Source data:
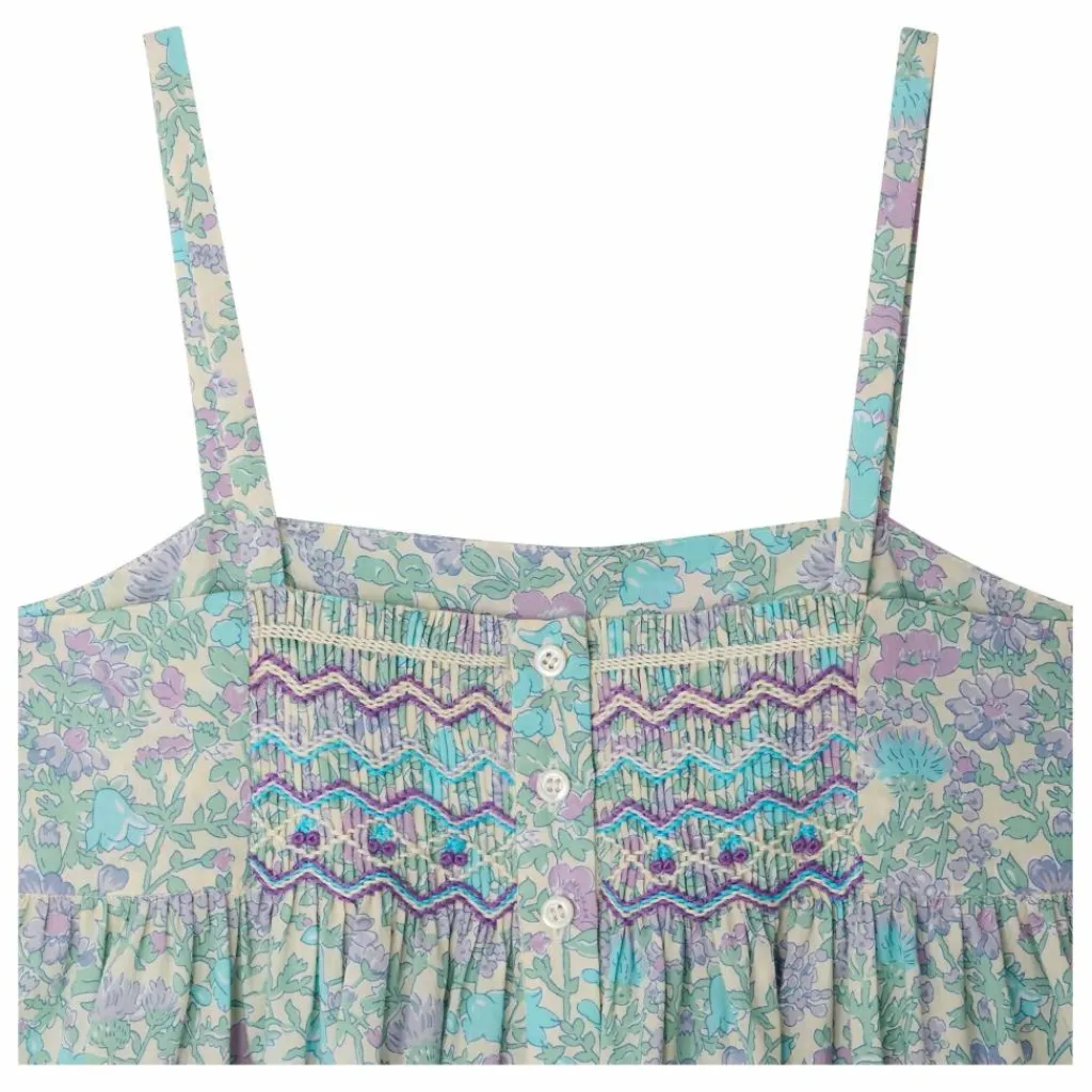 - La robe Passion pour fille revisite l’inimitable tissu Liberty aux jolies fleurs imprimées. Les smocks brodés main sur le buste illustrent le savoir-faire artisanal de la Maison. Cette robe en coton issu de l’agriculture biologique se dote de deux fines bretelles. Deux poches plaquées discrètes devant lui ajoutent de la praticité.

* * *

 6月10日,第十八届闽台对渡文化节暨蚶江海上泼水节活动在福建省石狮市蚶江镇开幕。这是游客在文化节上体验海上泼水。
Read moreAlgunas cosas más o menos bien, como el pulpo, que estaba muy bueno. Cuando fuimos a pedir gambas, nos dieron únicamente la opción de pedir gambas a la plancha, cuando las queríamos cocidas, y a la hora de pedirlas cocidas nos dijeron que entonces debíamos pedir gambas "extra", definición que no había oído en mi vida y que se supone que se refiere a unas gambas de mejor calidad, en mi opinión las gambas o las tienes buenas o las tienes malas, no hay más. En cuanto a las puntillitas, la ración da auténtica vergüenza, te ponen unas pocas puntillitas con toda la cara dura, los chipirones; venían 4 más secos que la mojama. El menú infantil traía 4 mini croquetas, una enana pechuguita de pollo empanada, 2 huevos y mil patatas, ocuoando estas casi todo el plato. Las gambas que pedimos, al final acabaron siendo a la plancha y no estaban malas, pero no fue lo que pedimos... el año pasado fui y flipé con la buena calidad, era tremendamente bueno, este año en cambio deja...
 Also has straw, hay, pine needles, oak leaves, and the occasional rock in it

Task:
Reproduce exactly, and only, the part of the listing above that begins at the line with "6月10日,第十八届闽台对渡" and goes on through the line with "Also has straw, hay, pine".

Response box:
 6月10日,第十八届闽台对渡文化节暨蚶江海上泼水节活动在福建省石狮市蚶江镇开幕。这是游客在文化节上体验海上泼水。
Read moreAlgunas cosas más o menos bien, como el pulpo, que estaba muy bueno. Cuando fuimos a pedir gambas, nos dieron únicamente la opción de pedir gambas a la plancha, cuando las queríamos cocidas, y a la hora de pedirlas cocidas nos dijeron que entonces debíamos pedir gambas "extra", definición que no había oído en mi vida y que se supone que se refiere a unas gambas de mejor calidad, en mi opinión las gambas o las tienes buenas o las tienes malas, no hay más. En cuanto a las puntillitas, la ración da auténtica vergüenza, te ponen unas pocas puntillitas con toda la cara dura, los chipirones; venían 4 más secos que la mojama. El menú infantil traía 4 mini croquetas, una enana pechuguita de pollo empanada, 2 huevos y mil patatas, ocuoando estas casi todo el plato. Las gambas que pedimos, al final acabaron siendo a la plancha y no estaban malas, pero no fue lo que pedimos... el año pasado fui y flipé con la buena calidad, era tremendamente bueno, este año en cambio deja...
 Also has straw, hay, pine needles, oak leaves, and the occasional rock in it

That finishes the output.